Le 22 août dernier, Christine Lagarde, entre méthode Coué, dogmatisme idéologique et foutage de gueule, subtil registre dans lequel elle excelle, avait "embouché la trompette de l’autosatisfaction", comme moque l’Humanité. Le PIB recule, l’inflation, le chômage montent ? La récession menace-t-elle le pays ? Rassurez-vous, pour Madame la marquise Lagarde, tout va très bien ! Objet de son optimisme béat, on vous le donne en mille, les bienfaits de la loi TEPA concernant les heures supplémentaires défiscalisées : "Environ 6 millions de salariés (près de 4 millions de foyers) ont déclaré des heures supplémentaires exonérées, pour un montant total d’environ 1 540 millions d’euros, soit près de 400 euros par foyer", jubile la ministre de l’Économie. Extraordinaire performance que celle de parvenir à donner un chiffre : l’organisme de la Sécu fédérant les URSSAF lui-même, l’ACOSS, dont le rôle est justement de collecter les données dans ce domaine, a expliqué qu’il était impossible de chiffrer le nombre de salariés effectuant des heures sup à partir des seules déclarations des entreprises. Lagarde invente, donc. Son expertise économique se limite à l’estimation au doigt mouillé. Mais passons. Quand bien même de nombreux salariés en bénéficieraient, que pèsent-ils proportionnellement par rapport au reste des Français, qui subissent un recul du salaire annuel moyen de 0,5% sur l’année ? Est-il légitime de se féliciter de cet effet marginal quand on considère le coût de la mesure, chiffré par Bercy à quatre milliards d’euros ? Sans compter que favoriser les heures supplémentaires impacte* forcément de façon négative les créations d’emploi. Ce qui devient carrément irresponsable dans un contexte où même les artifices comptables et la pratique des radiations massives ne parviennent plus à masquer la progression du chômage.

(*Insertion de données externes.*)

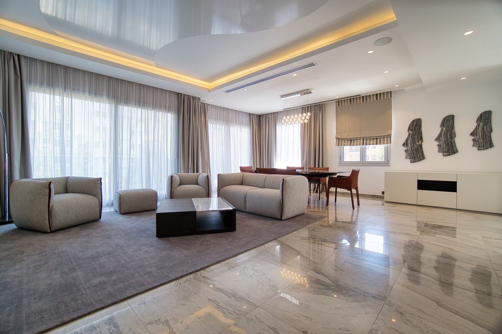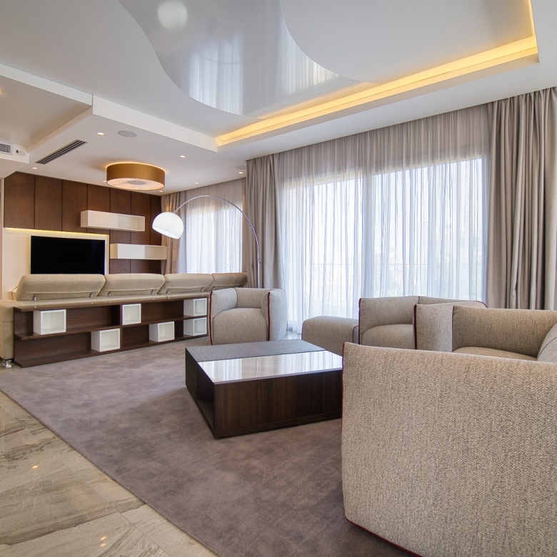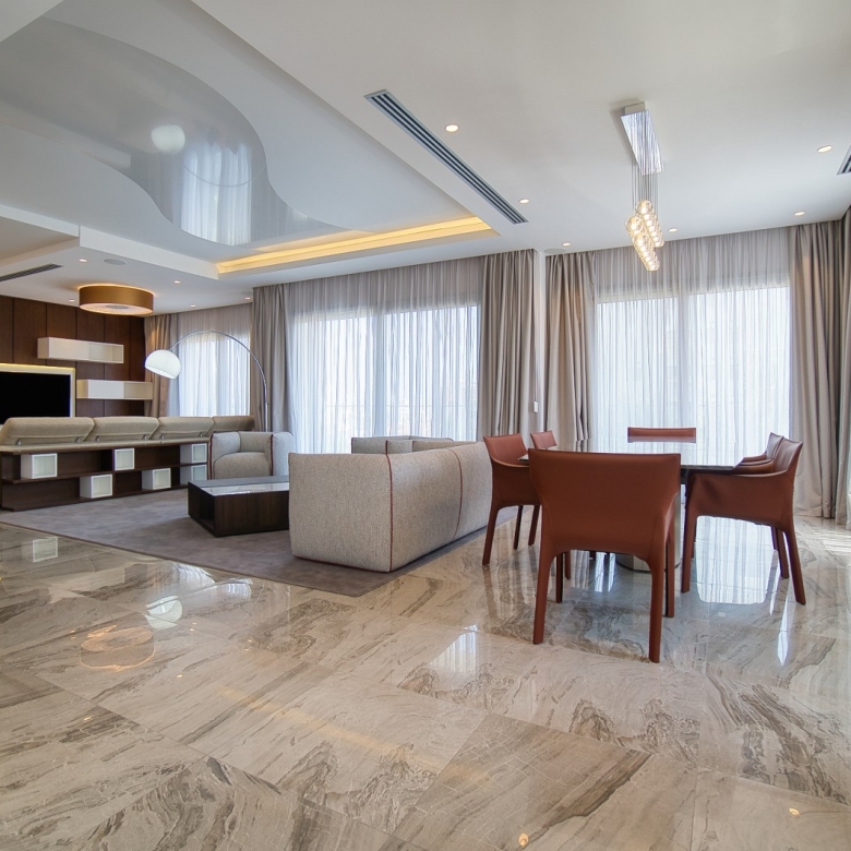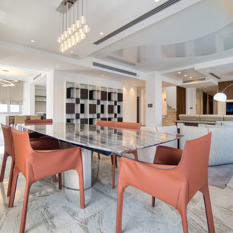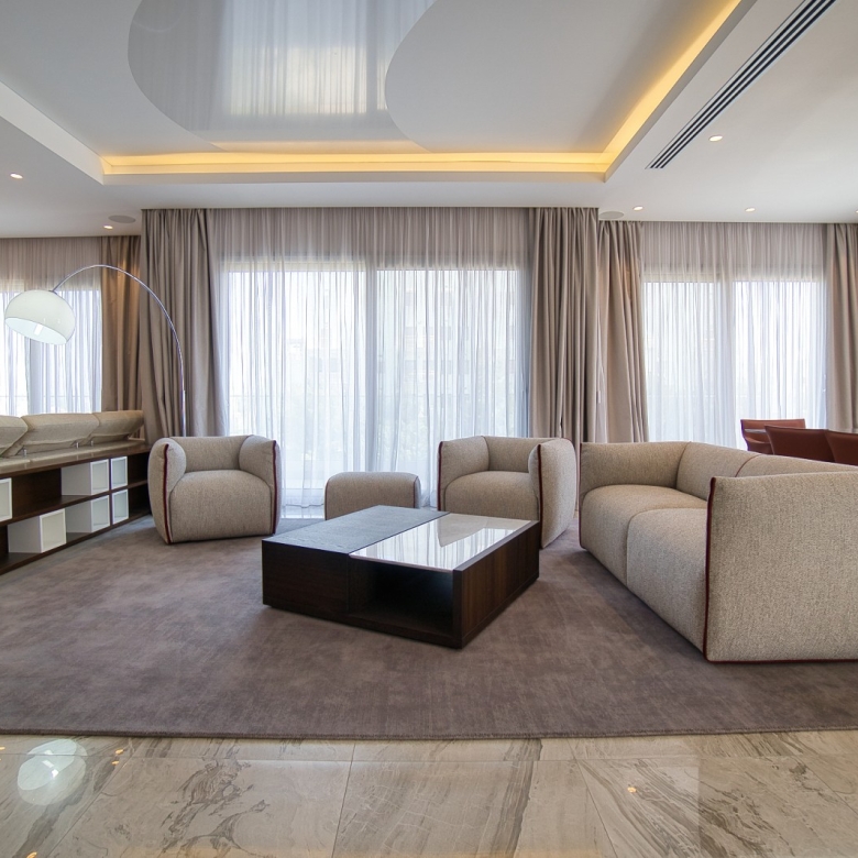 This stunning penthouse comprises of 3 bedrooms +2 extra rooms located in a tranquil and highly sought-after tourist area, offers the perfect blend of luxury, comfort, and convenience. Boasting high-end finishes and a serene atmosphere, this residence is designed for those who seek the finest in living. Step into a world of elegance with top-of-the-line finishes and meticulous attention to detail. The spacious open-plan living area is perfect for entertaining, with large windows that flood the space with natural light and offer breathtaking views of the surrounding area.

g duvalC’est le message véhiculé par Guillaume Duval, rédacteur en chef de l’excellente revue Alternatives Économiques, que nous n’avons de cesse de chaudement vous recommander. Il démonte de façon implacable l’absurdité du discours de la droite lorsqu’elle prétend vanter ses heures sup’ à "travailler plus pour gagner plus", dans un article qui a pour titre Chômage et heures sup : au royaume d’Ubu. Passionnant à lire dans son intégralité, il contient ce passage particulièrement jubilatoire, aussi limpide que féroce : "En période de croissance relativement rapide et de baisse du chômage, comme c’était le cas en 2007 lorsque Nicolas Sarkozy est devenu président de la République, c’était déjà une politique étrange que d’inciter, avec force argent public, les entreprises à faire faire des heures supplémentaires aux salariés déjà en poste plutôt que d’embaucher des chômeurs ou des jeunes qui sortent de l’école. (…) Mais aujourd’hui, il est tout simplement surréaliste de se féliciter de la poursuite de l’accroissement du nombre de ces heures supplémentaires. Un petit calcul de coin de table illustre l’absurdité d’une telle démarche dans le contexte actuel : un emploi salarié coûtait en 2007 41 000 euros en moyenne en France. Au lieu de dépenser 4 milliards d’euros avec comme résultat de dissuader les entreprises qui le pourraient d’embaucher, l’État pourrait donc, avec la même somme, financer entièrement 100 000 emplois supplémentaires (…). Si les pouvoirs publics doivent aider des gens à « travailler plus pour gagner plus », qui pourrait contester que ce soient d’abord les chômeurs, dont le nombre augmente de nouveau, qui doivent en priorité profiter de cette aide ?"

Qui le contesterait ? Mais nos gouvernants, pardi.

 

* Pour faire comme les vrais économistes sérieux, nous nous étions promis d’utiliser le verbe "impacter". Mission accomplie.